> **Problem to solve**
A faithful copy of the data below is required, leaving out every picture.

Dataset entries
►
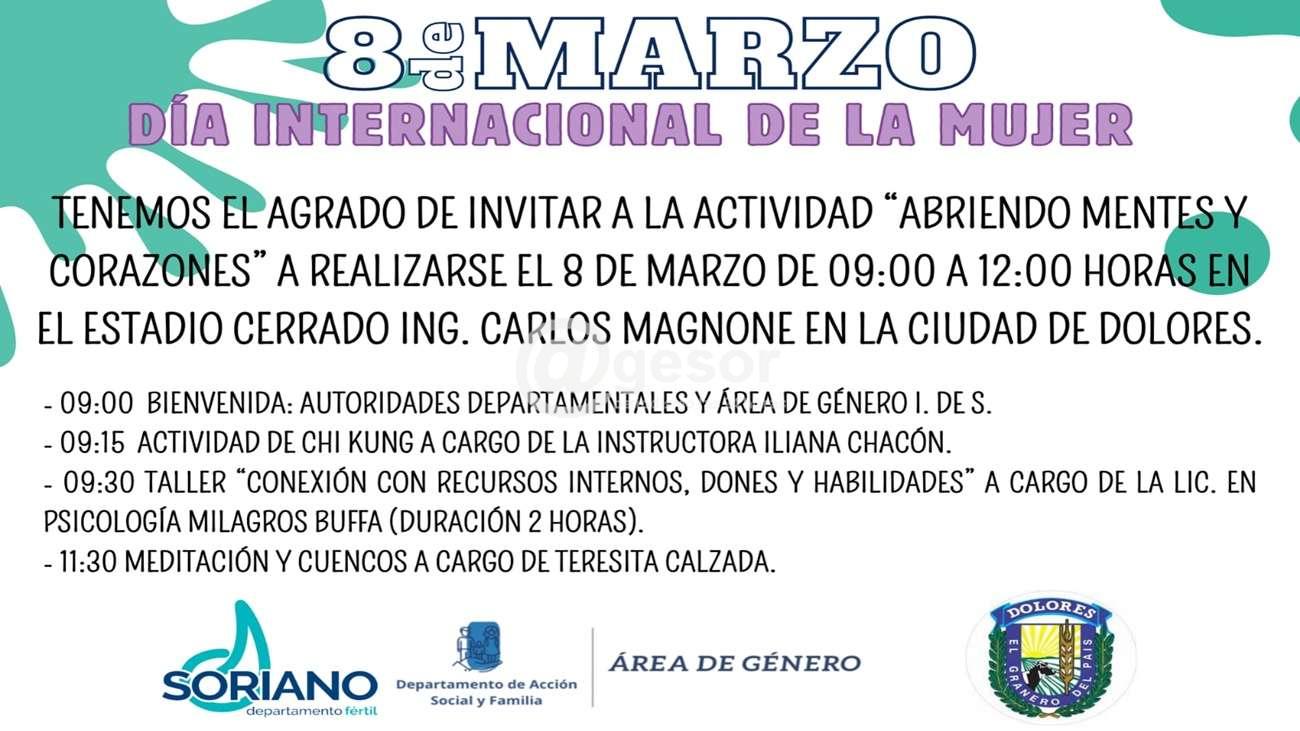 9 hs. - bienvenida a cargo de autoridades departamentales e integrantes del Área de Género de la Intendencia de Soriano.
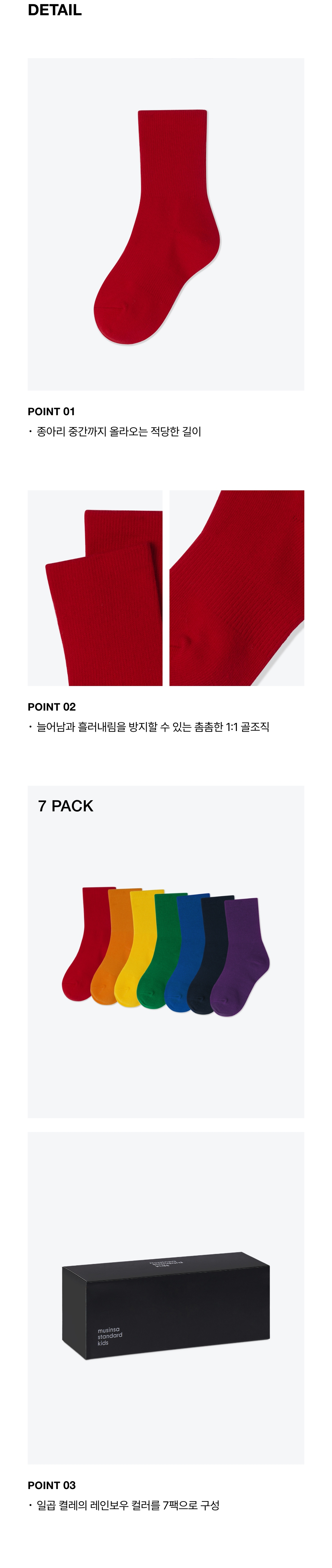라이트웨이트 크루 삭스 7팩 [레인보우]
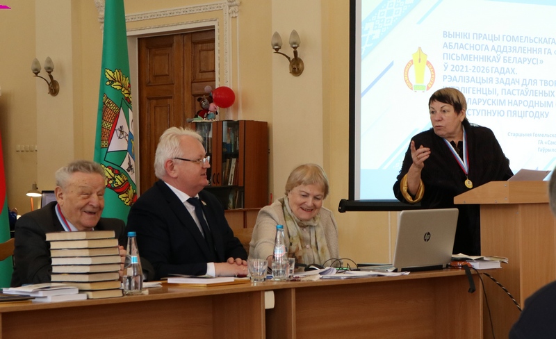 С приветственным словом и высокой оценкой их творческой деятельности к писателям Гомельщины обратилась Татьяна Забияко, член коллегии главного управления культуры облисполкома, директор Гомельской областной библиотеки.
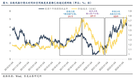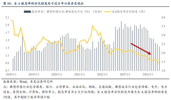 红利风格方面,我们在3月17日的报告《再论红利和成长》中分析,红利股票交易的是阶段性十年期国债变动幅度的斜率与该斜率的未来预期,对应到经济预期层面,若投资人对于经济基本面趋势因素的消化已较为充分,则红利溢价提升可能较为有限。在3月中旬我们即判断,中短期内利率进一步下行的空间相对有限,红利风格溢价提升空间可能已经不大。6月16日《科技股的春天》报告再从大级别风格行情轮动的角度讨论了本轮价值风格占优在时间和空间维度均已超越历史经验。时间维度上,当前价值占优的持续时间接近3年,显著超过了前两轮,16-19年“漂亮50”行情和19-21年核心资产行情均持续约2年半。空间维度上,全A股息率的分化程度已达到了历史极低水平。
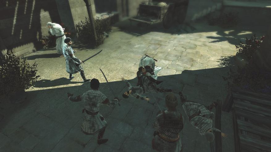 Напоминает серию Hitman, и стэлс — одна из тех вещей, за которую и полюбили Assassin’s Creed. Только вместо костюма-тройки, наш главный герой одевает робу с белым капюшоном, и способов разобраться с целью у него не такое великое множество. А вернее, их всего два — нанести удар скрытно, или в открытом бою.
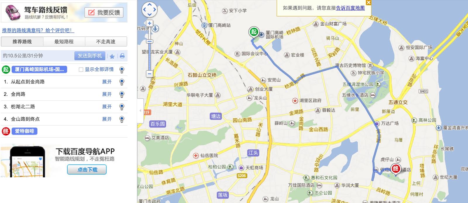 由高琦機場至愛特咖啡約12公里路程,耗時30分鐘左右。
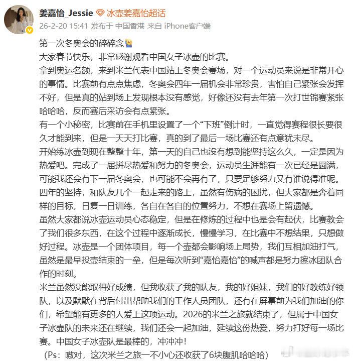 姜嘉怡第一次冬奥会碎碎念
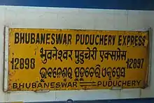 The Puducherry– Bhubaneswar Superfast Express is a Superfast train belonging to East Coast Railway zone that runs between Puducherry and Bhubaneswar in India. It is currently being operated with 22907/22908 train numbers on a weekly basis.[1] [2] [3]
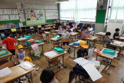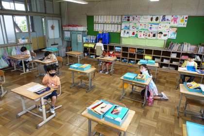 写真は朝の準備をする1年生です。今日も頑張りましょう。
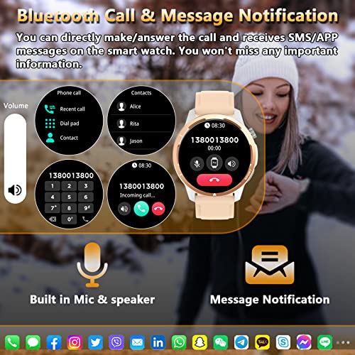 Smart Watches for Women, (Answer/Make Calls) Bluetooth 1.39″ Smartwatch for iOS and Android Phones, Waterproof Fitness Tracker Watch with Heart Rate/Sleep/Blood Oxygen Monitor, AI Voice Assistant
◄
> **Reply to the task**
 9 hs. - bienvenida a cargo de autoridades departamentales e integrantes del Área de Género de la Intendencia de Soriano.
라이트웨이트 크루 삭스 7팩 [레인보우]
 С приветственным словом и высокой оценкой их творческой деятельности к писателям Гомельщины обратилась Татьяна Забияко, член коллегии главного управления культуры облисполкома, директор Гомельской областной библиотеки.
 红利风格方面,我们在3月17日的报告《再论红利和成长》中分析,红利股票交易的是阶段性十年期国债变动幅度的斜率与该斜率的未来预期,对应到经济预期层面,若投资人对于经济基本面趋势因素的消化已较为充分,则红利溢价提升可能较为有限。在3月中旬我们即判断,中短期内利率进一步下行的空间相对有限,红利风格溢价提升空间可能已经不大。6月16日《科技股的春天》报告再从大级别风格行情轮动的角度讨论了本轮价值风格占优在时间和空间维度均已超越历史经验。时间维度上,当前价值占优的持续时间接近3年,显著超过了前两轮,16-19年“漂亮50”行情和19-21年核心资产行情均持续约2年半。空间维度上,全A股息率的分化程度已达到了历史极低水平。
 Напоминает серию Hitman, и стэлс — одна из тех вещей, за которую и полюбили Assassin’s Creed. Только вместо костюма-тройки, наш главный герой одевает робу с белым капюшоном, и способов разобраться с целью у него не такое великое множество. А вернее, их всего два — нанести удар скрытно, или в открытом бою.
 由高琦機場至愛特咖啡約12公里路程,耗時30分鐘左右。
 姜嘉怡第一次冬奥会碎碎念
 The Puducherry– Bhubaneswar Superfast Express is a Superfast train belonging to East Coast Railway zone that runs between Puducherry and Bhubaneswar in India. It is currently being operated with 22907/22908 train numbers on a weekly basis.[1] [2] [3]
 写真は朝の準備をする1年生です。今日も頑張りましょう。
 Smart Watches for Women, (Answer/Make Calls) Bluetooth 1.39″ Smartwatch for iOS and Android Phones, Waterproof Fitness Tracker Watch with Heart Rate/Sleep/Blood Oxygen Monitor, AI Voice Assistant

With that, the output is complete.